Саша открыла глаза. И, задохнувшись от боли, снова зажмурилась. Попытка пошевелиться привела к новой волне незабываемых ощущений, ей почудился даже чей-то возбужденно-азартный взвизг.
Почему-то вспомнилось слово «отбивная». Слово превратилось в указательную стрелку и повернулось носиком к Саше. А вот и неправда, отбивная – это распластанный на разделочной доске кусок мяса, отдыхающий после близкого знакомства с мерзким зубчатым молотком. Ну, и разве это похоже на меня?
Стрелка хихикнула и стала еще больше. И указывала на Сашу еще демонстративнее.
– Идиотство какое-то! – простонала «отбивная» и решилась снова открыть глаза.
Возможно, из-за того, что боль, пыхтя от усердия, рассредоточилась по разным частям ее тела, а может, Саша уже успела притерпеться к этой мерзкой энтузиастке, но у нее получилось. У Саши. Глаза открыть. И даже осмотреться. Интересно, что это за комната такая убогая? Откуда она в замке Фридриха? И интересно, где все? И что это недавно так бумкнуло? И куда подевался мой воздушный шарик?
А действительно, что произошло? Почему Саша лежит в марлевом коконе, забинтованном так тщательно и туго, что пошевелить возможно только ресницами? Хотя нет, еще и губами. Вот и надо все это задействовать, чтобы поскорее увидеть родные лица, чтобы узнать наконец, в чем дело? Самой вспомнить не получается. Последнее, что осталось в Сашиной памяти, – Славка, пританцовывающий на переднем сиденье автомобиля. А дальше – густая, вязкая темнота.

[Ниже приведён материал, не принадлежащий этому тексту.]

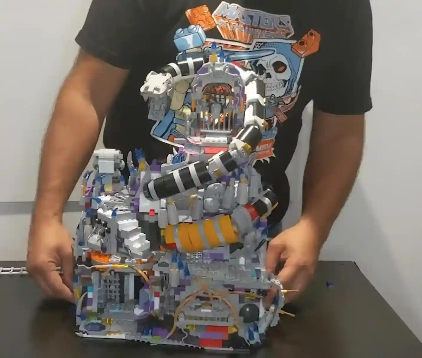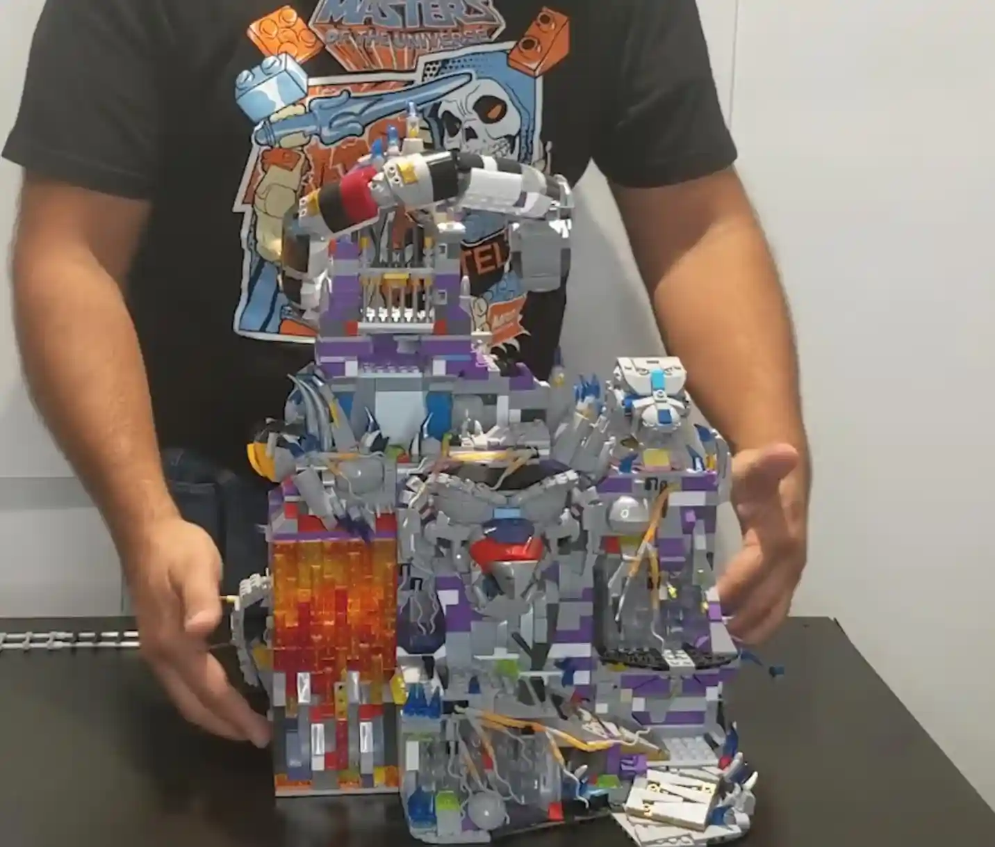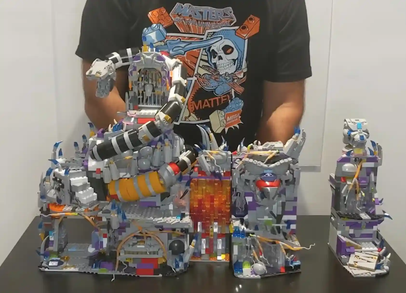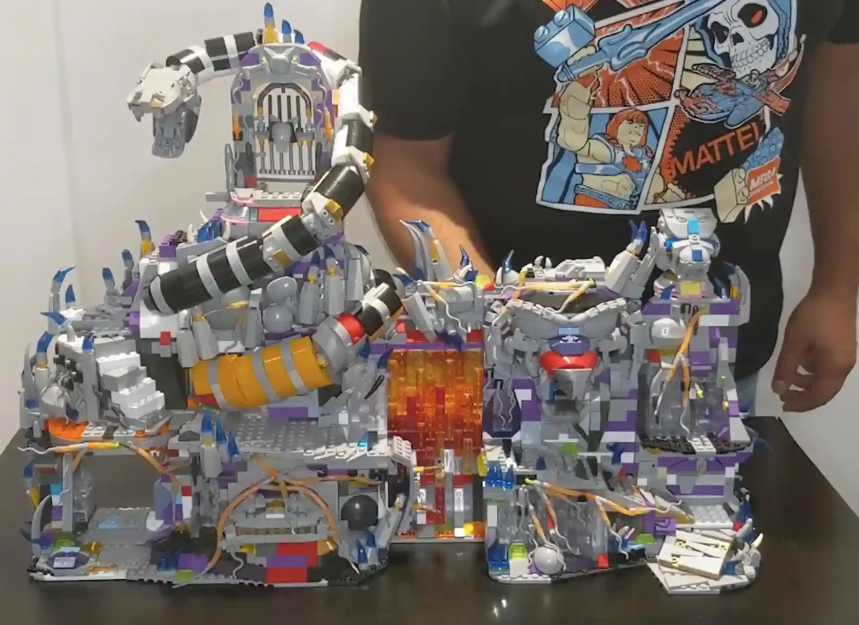 When the Mega Construx team first revealed the prototype of Snake Mountain, they said, “if you like Castle Grayskull, you are gonna love Snake Mountain” and I have to agree with them! The inspiration of the design harkens back to the vintage toy and they said they are even including stickers to ensure that nostalgic feel of first opening Snake Mountain and putting it together. Using multicolor bricks just to illustrate the size, shape and layout of a potential Snake Mountain, the team said this set was in the validation stage so the colors do not represent what the real Mega Construx Snake Mountain will look like and we can’t wait to see what the actual official images look like. It has so many cool features, including detachable modules, stickers that you can apply (or misapply in my case lol), the serpent, the coiled snake that wraps around the mountain, and the demon head (the mouth actually moves like the vintage MOTU Snake Mountain. Inside Snake Mountain you can stow some very cool display pieces like the bone chair (how cool is that!!!), the table, and the tentacle monster!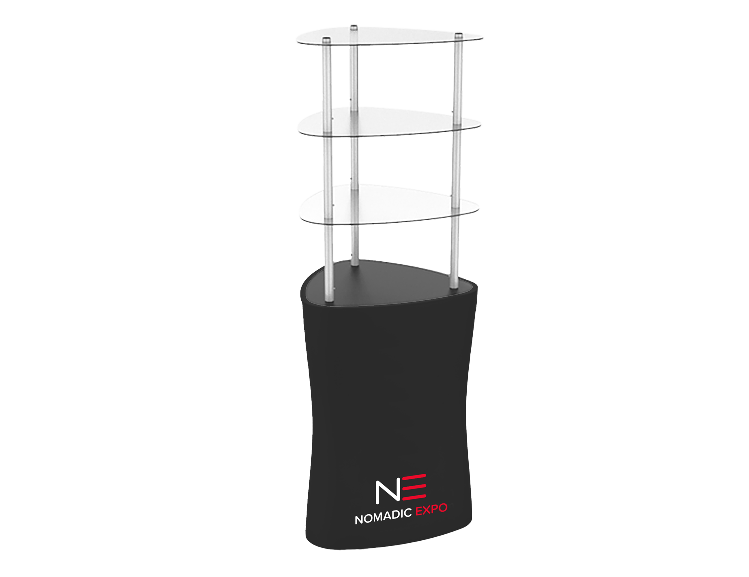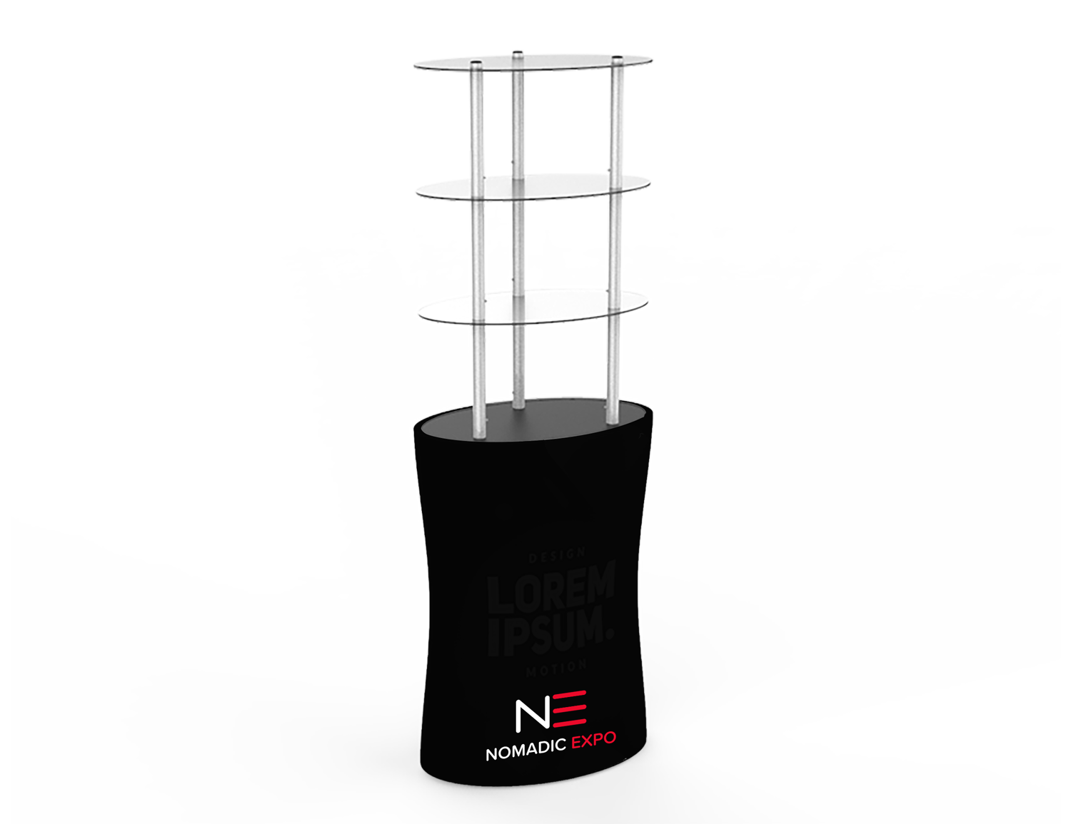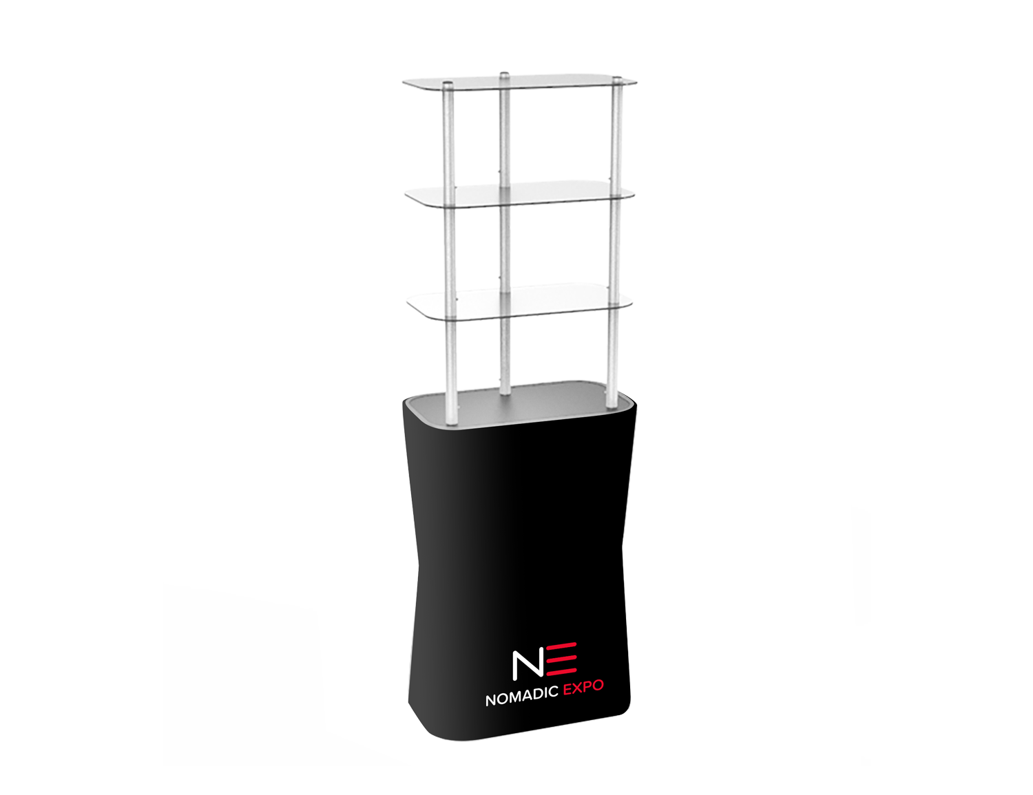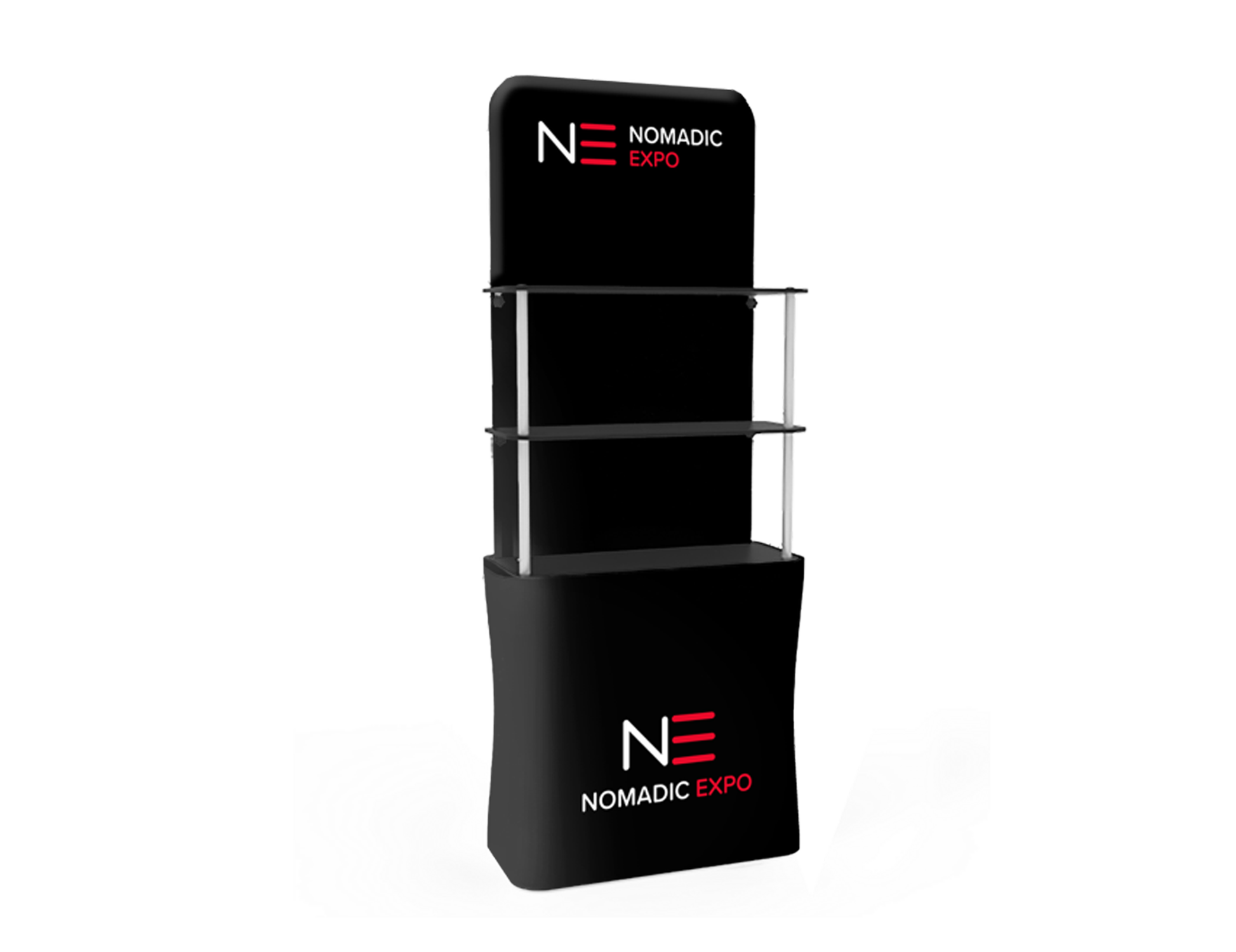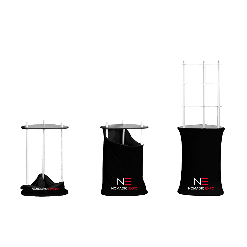 Ces tours podiums à tablettes portatives Xfab sont fabriquées de tubes d’aluminium recouverte d’un tissu imprimé par sublimation. Qu’elles servent de comptoir à tablette, de présentoir, d'étalage ou de rangement, c’est la solution idéale pour mettre de l’avant produits, brochures et déco.

– Слава, Вика, вы где там прячетесь! – Она постаралась позвать их как можно энергичнее и веселее.
Хм! Слышали когда-нибудь, как выходят остатки воздуха из развязанного воздушного шарика? Не тогда, когда он весело скачет по комнате, а когда опускается вялой тряпочкой и делает «Фс-с-с». Вот приблизительно так же энергично получилось и у Саши.

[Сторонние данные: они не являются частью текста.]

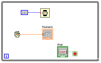 afisarea temporizata a valorilor generate va trebui sa includem in structura repetitiva o functie "Wait" aflata in grupul Functions => Timing => Wait,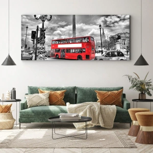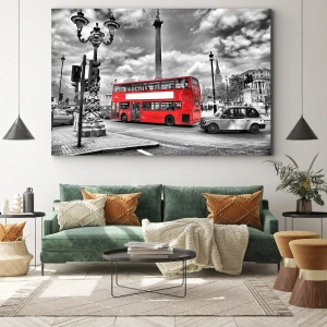 Bild auf Leinwand - Leinwandbild - Ein roter Doppeldeckerbus vor einer schwarz-weißen Stadtkulisse - 80x120cm - Der wahre Blutkreislauf der Stadt - Moderne Wanddekoration für Wohnzimmer und Schlafzimmer ARTTOR
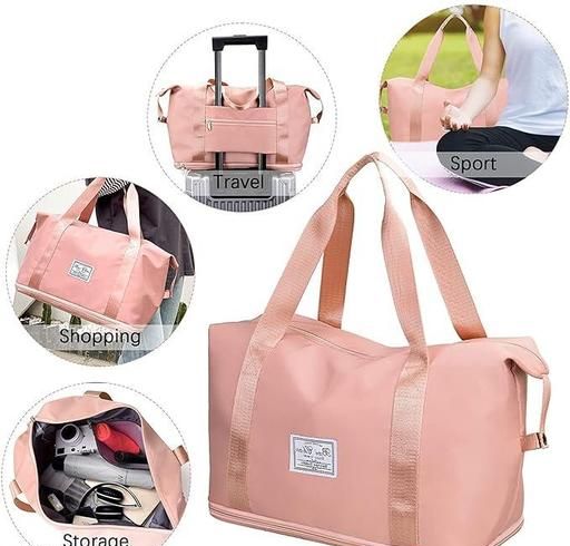 Large capacity folding travel bag made with lightweight waterproof and tear resistant Polyester fabric, solid, durable and strong enough to carry. It is enough for short trips and can easily accommodate 3-5 days of travel clothes.
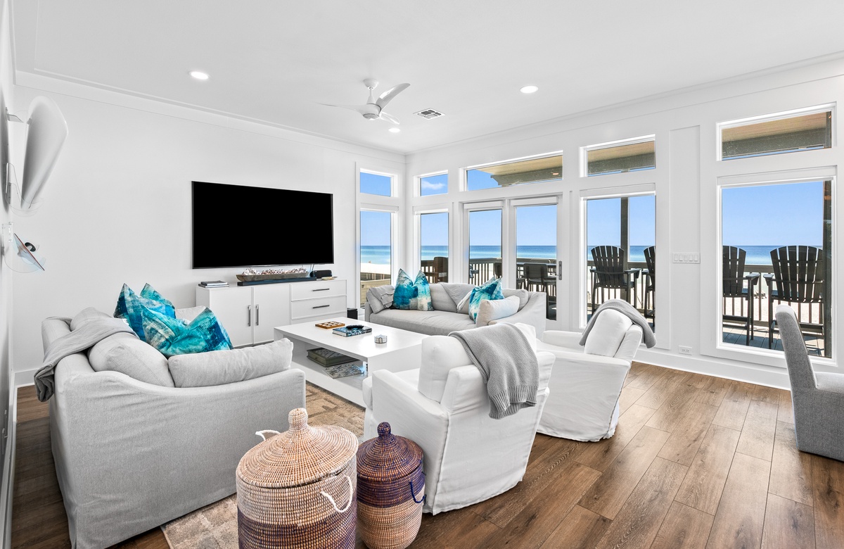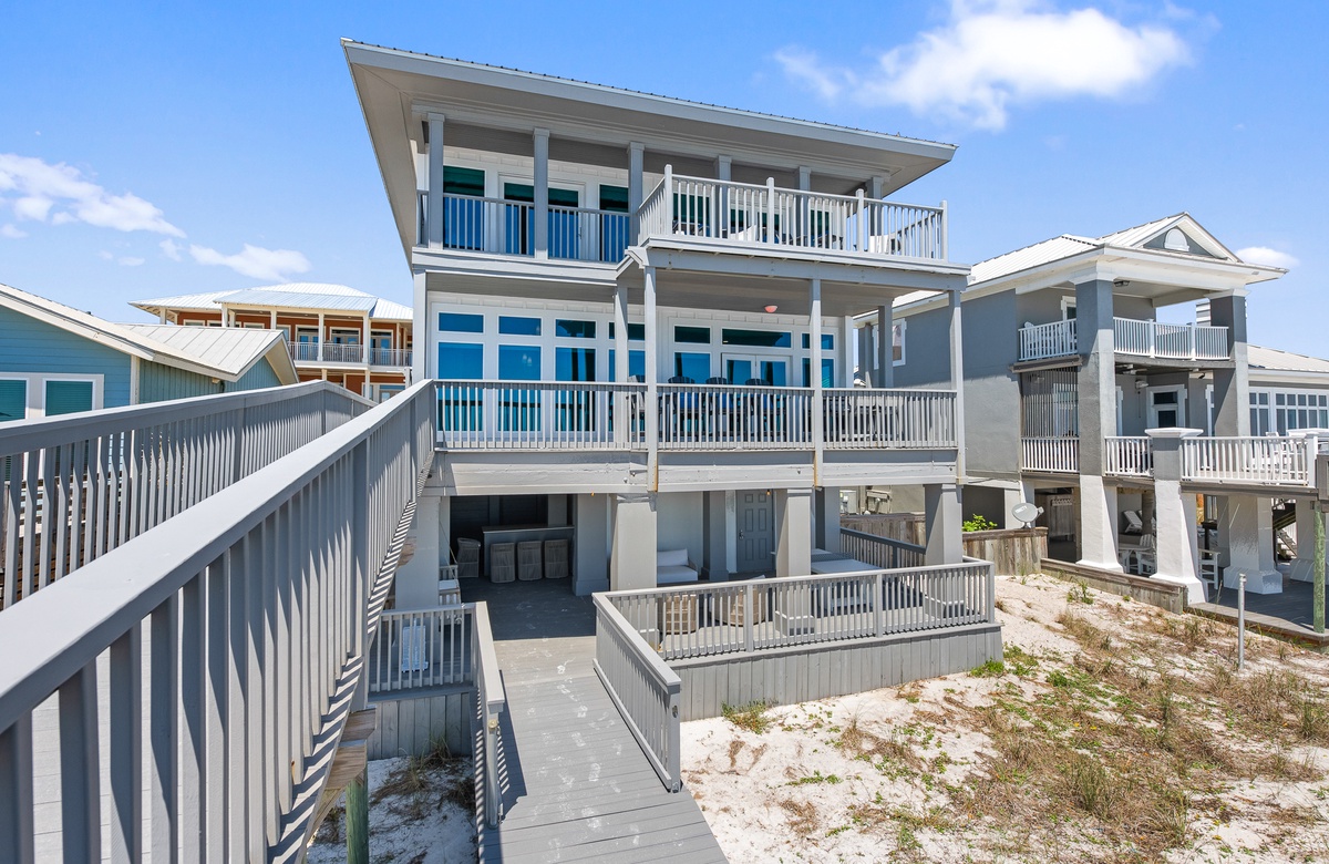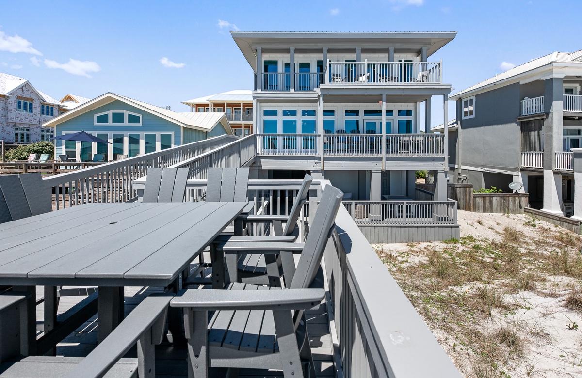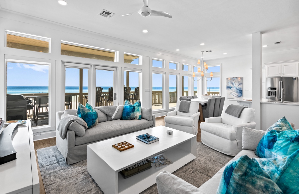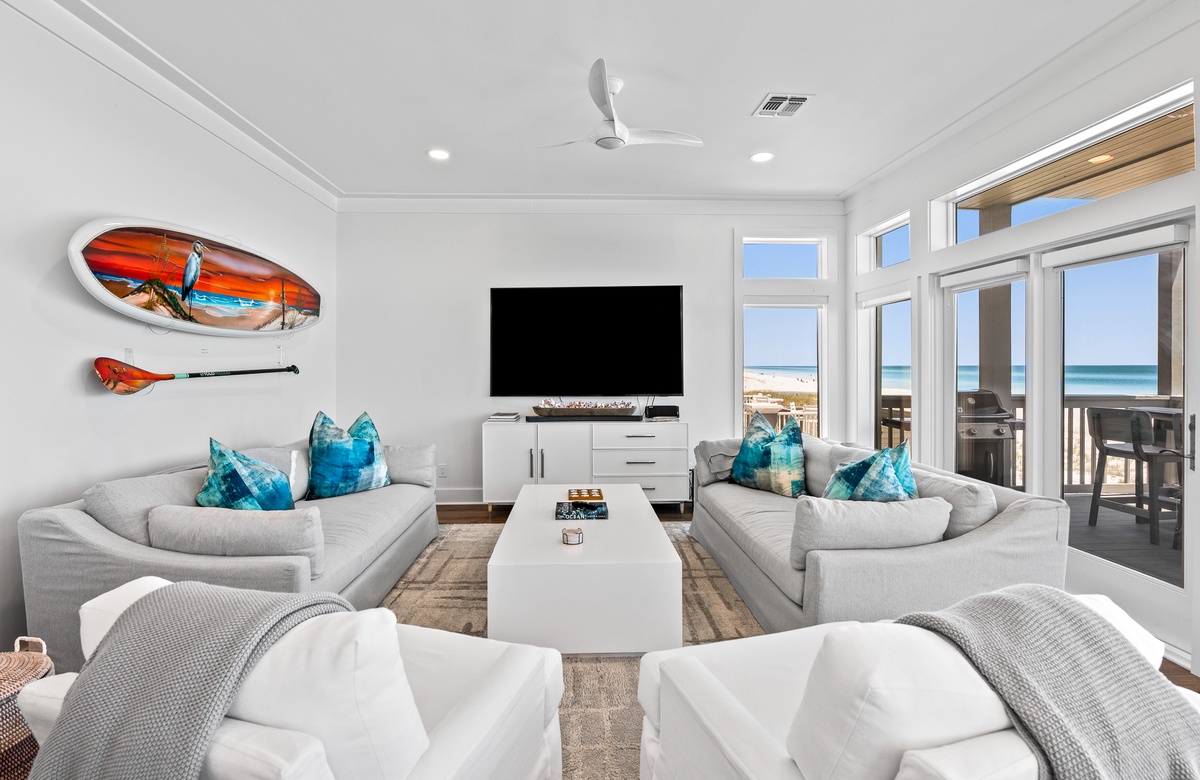 Sandwiched between the beach and an exotic dune lake, “Pines to Palms” captures the unique beauty of coastal 30A with charming hospitality. This beachfront home comfortably sleeps 10 guests in 5 bedrooms and 4 bathrooms with incredible views of the Gulf of Mexico and a private sun deck built right on the beach. Experience 30A like never before and book “Pines to Palms” today!

Наверное, поэтому никто и не пришел. Не услышали ее, естественно. Хотя странно, ведь так тихо вокруг… Даже слишком тихо. Как в склепе.

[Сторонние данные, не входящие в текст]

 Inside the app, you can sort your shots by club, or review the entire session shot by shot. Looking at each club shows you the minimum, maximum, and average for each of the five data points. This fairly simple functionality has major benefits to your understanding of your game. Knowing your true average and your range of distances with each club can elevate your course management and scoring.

– Анетка! – предприняла еще одну попытку Саша.
Она даже рискнула приподняться, но оказалось, что риск – дело не всегда благородное. Иногда это тупая и кретинская затея, приводящая к плачевным последствиям. К настолько плачевным, что от слез намокли бинты у нее на голове.
А в комнате по-прежнему никто не появлялся. Просто безобразие какое-то! А еще – отвратительное безразличие со стороны близких людей, безразличие, граничащее с безрассудством.
Так, Сашура, похоже, тебя переклинило на приставку «без». Что там еще есть, подходящее к случаю? Безопасность, бездарность, безобразное поведение, бездна…
Бездна! Сашу затрясло. Почему это слово, растекшись в смолянисто поблескивающую тягучую лужу, начало обволакивать ее тело липким ужасом? Почему в голове звенит чей-то крик: «Прыгайте!»? Откуда этот тонкий, страшный, пронзительный вой? «Это я? Это я так кричу? Что это за люди вбегают в комнату? Я их не знаю! Зачем этот шприц? Не надо, пожалуйста, не надо!»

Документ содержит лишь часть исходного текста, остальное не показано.